Patients who three years after Giardia infection met Chalder’s criteria for chronic fatigue (n=347) in a questionnaire study among all patients who had laboratory confirmed giardiasis during the Bergen outbreak (n=1252) were invited to participate in this study five years after the infection (n=253). Structured interviews and clinical examination were performed by specialists in psychiatry, neurology and internal medicine/infectious diseases. Fukuda et al’s 1994 criteria were used to diagnose chronic fatigue syndrome (CFS) and idiopathic chronic fatigue (ICF). Self-reported fatigue recorded with Chalder Fatigue Questionnaire three and five years after infection were compared.
53 patients were included. CFS was diagnosed in 41.5% (22/53) and ICF in 13.2% (7/53). Chronic fatigue caused by other aetiology was diagnosed in 24.5% (13/53); five of these patients had sleep apnoea/hypopnoea syndrome, six had depression and five anxiety disorder, and among these two had more than one diagnosis. Fatigue had resolved in 20.8% (11/53). Self-reported fatigue score in the cohort was significantly reduced at five years compared to three years (p<0.001).

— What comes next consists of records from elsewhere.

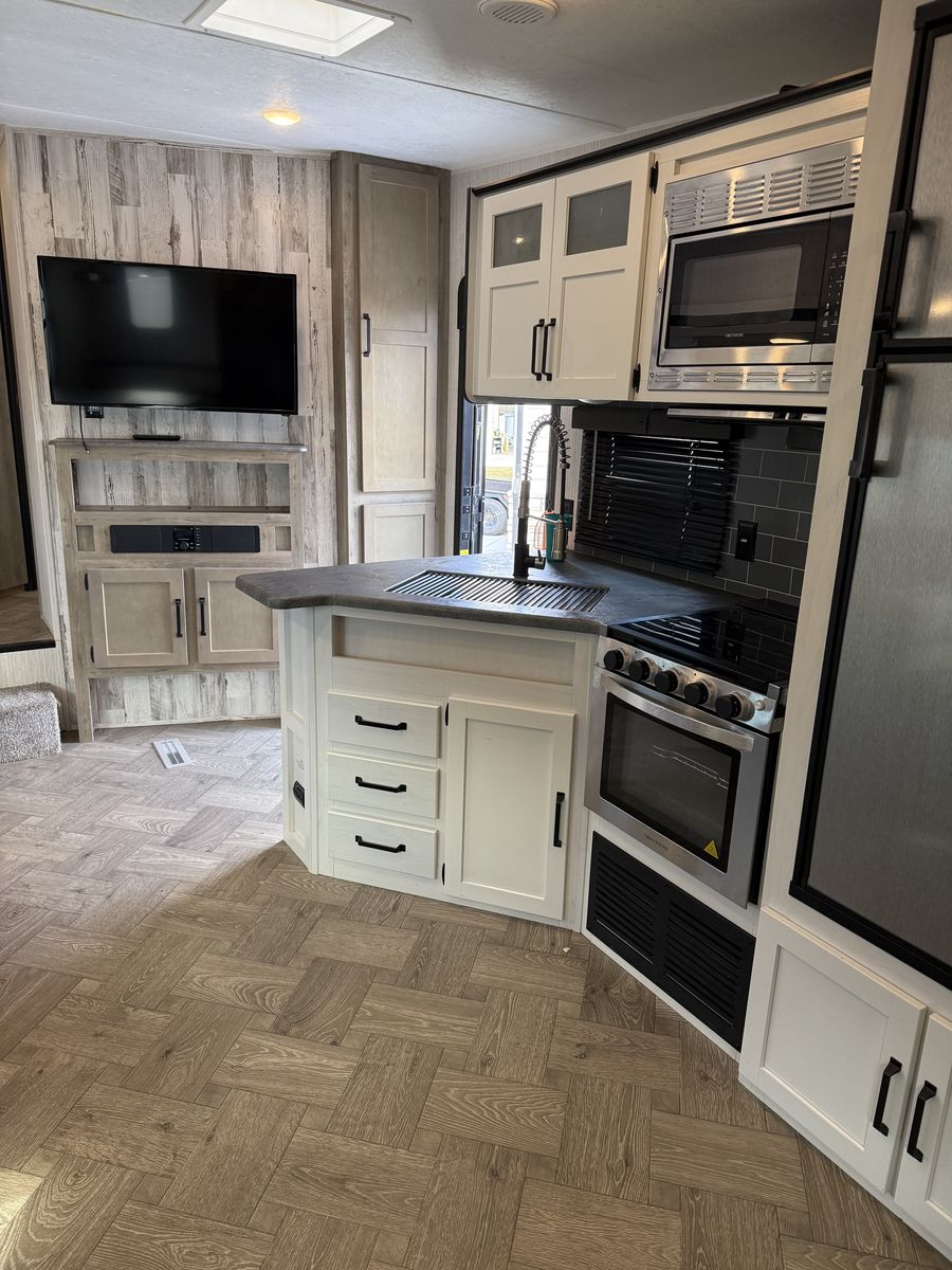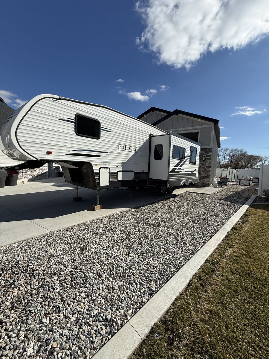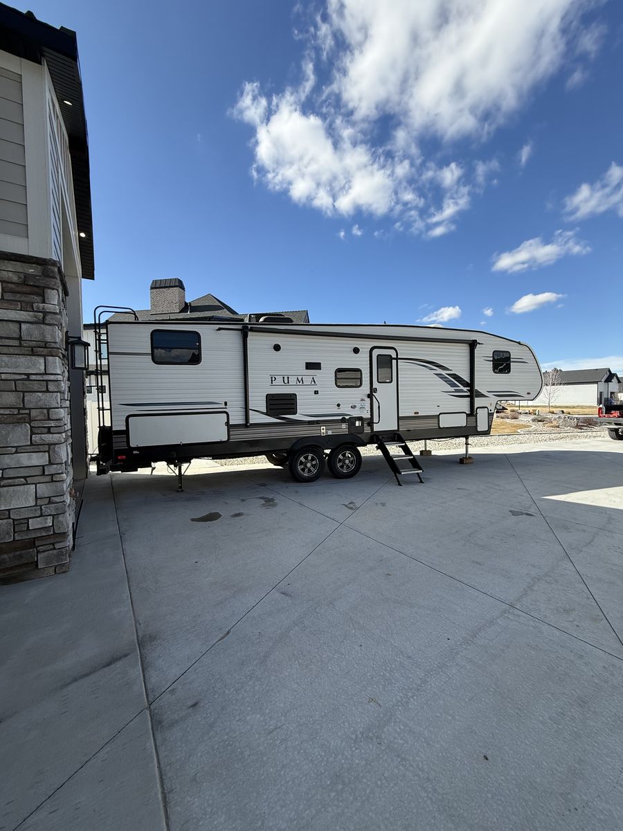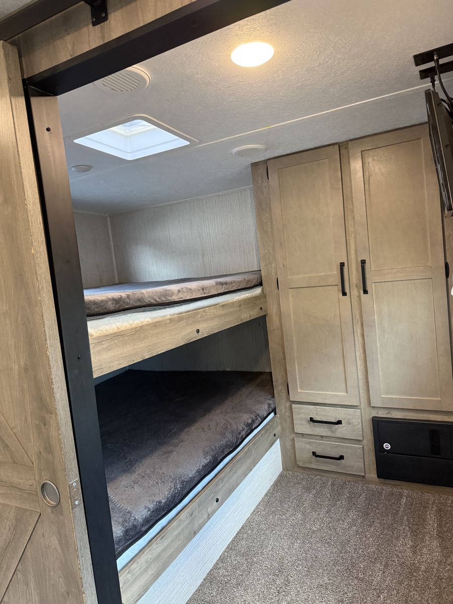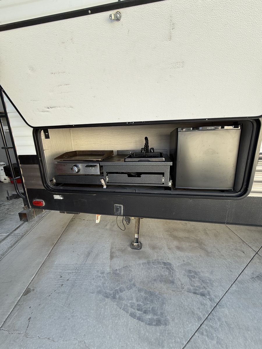 Fifth-wheel This has been a great trailer, have just out-grown it. 34’ total overall length 2 propane tanks 2 12-volt batteries Outdoor kitchen Outdoor shower 3 TV’s Bunks- full size beds Portable solar panel Hitch on back Come take a look!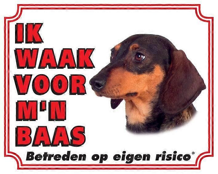 Stickerkoning Teckel Waakbord - Ik Waak Voor Mijn Baas Korthaar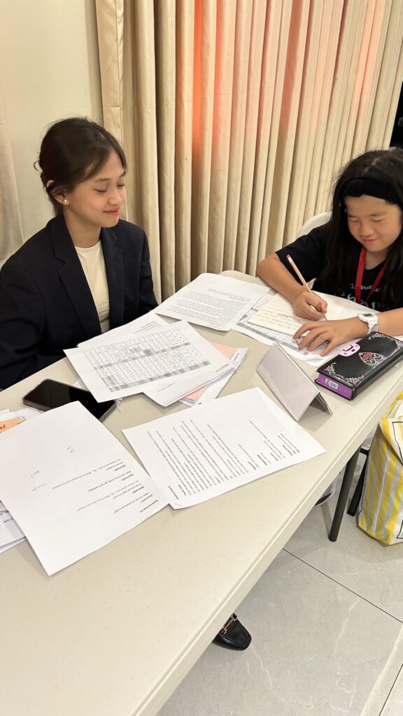 ทุกคนตั้งใจเรียนเพื่อเป้าหมายการสอบผ่านและพัฒนาทักษะการสนทนาภาษาอังกฤษขั้นพื้นฐาน

The study shows that Giardia duodenalis may induce CFS persisting as long as five years after the infection. Obstructive sleep apnoea/hypopnoea syndrome, depression and anxiety were important differential diagnoses, or possibly comorbidities, to post-infectious fatigue in this study. Improvement of chronic fatigue in the period from three to five years after giardiasis was found.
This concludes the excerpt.